*Instructions to follow*. The answer must consist solely of the lines from the one with "October 10, 2025" through the last line of the data, copied exactly, with no pictures.

*Information*.
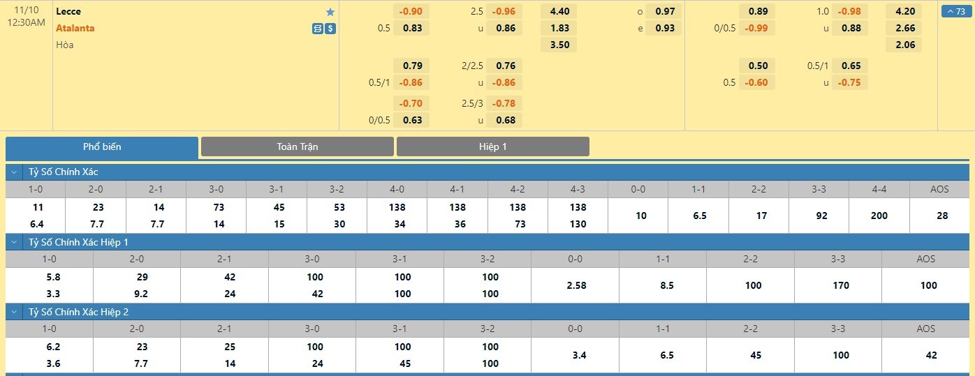 Tỷ lệ kèo cá cược bóng đá trận Lecce vs Atalanta
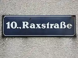 Die Raxstraße befindet sich im 10. Wiener Gemeindebezirk Favoriten im Bezirksteil Inzersdorf-Stadt. Sie wurde 1932 nach der Rax benannt, einem beliebten Ausflugsberg der Wiener.
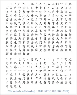 - ↑ CJK and KangXi Radicals: U+2E80–U+2FD5, The Unicode Standard, Version 5.2, pp394-395. Formes supplémentaires des clés CJC, p291-294 des tableaux de caractères.
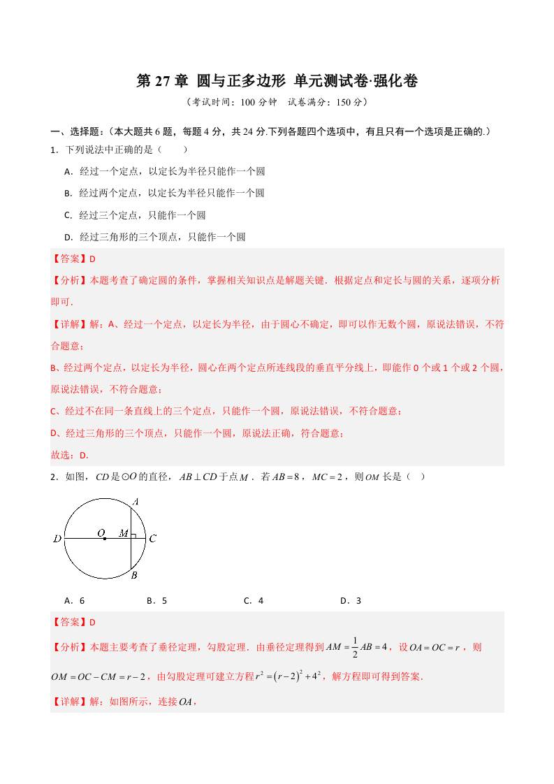 第27章 圆与正多边形(高效培优单元测试·强化卷)(解析版)
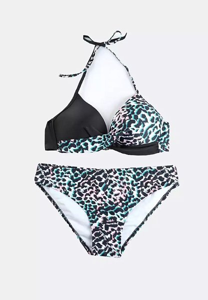 Раздельный купальник с анималистическим принтом и цветными пятнышками. Купальник выполнен из мягкого, быстро сохнущего полотна с принтом. Состоит из бюстгальтера и трусов. Бюстгальтер с формованными чашками без косточек. Обеспечивает комфортную, мягкую посадку. Бретели завязываются вокруг шеи. Застёжка сзади. Трусы средней посадки. В комплекте: лиф, плавки.
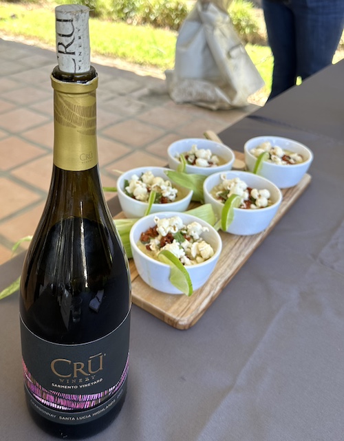 October 10, 2025 – CRU Winery in Soledad was once again the site for a tasty afternoon of sipping on great single vineyard Chardonnays and Pinot Noirs, while grooving on the fabulous scenery, indulging in a well-stocked grazing table and listening to live music.
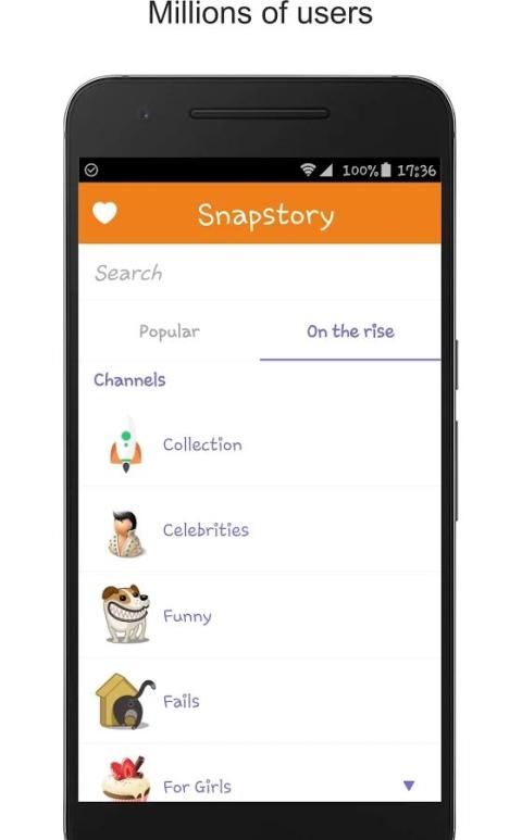 تثبيت التطبيق Snapstory للهواتف والأجهزة اللوحية في الروبوت. Snapstory - أسهل وسيلة أكثر متعة لقضاء الوقت في مشاهدة مقاطع فيديو كوميدية الحرة. اختر فئة لعرض مقطع والتمتع 15 ثانية اليومية مقاطع الفيديو. أفلام شعبية والجديدة في فئة مختلفة. مشاهدة قنوات بث والأحداث الكبرى التي تريد، على أي جهاز. أفضل فيديو مضحك من جميع أنحاء العالم فقط لأجلك.

*Exercise result*.
 October 10, 2025 – CRU Winery in Soledad was once again the site for a tasty afternoon of sipping on great single vineyard Chardonnays and Pinot Noirs, while grooving on the fabulous scenery, indulging in a well-stocked grazing table and listening to live music.
 تثبيت التطبيق Snapstory للهواتف والأجهزة اللوحية في الروبوت. Snapstory - أسهل وسيلة أكثر متعة لقضاء الوقت في مشاهدة مقاطع فيديو كوميدية الحرة. اختر فئة لعرض مقطع والتمتع 15 ثانية اليومية مقاطع الفيديو. أفلام شعبية والجديدة في فئة مختلفة. مشاهدة قنوات بث والأحداث الكبرى التي تريد، على أي جهاز. أفضل فيديو مضحك من جميع أنحاء العالم فقط لأجلك.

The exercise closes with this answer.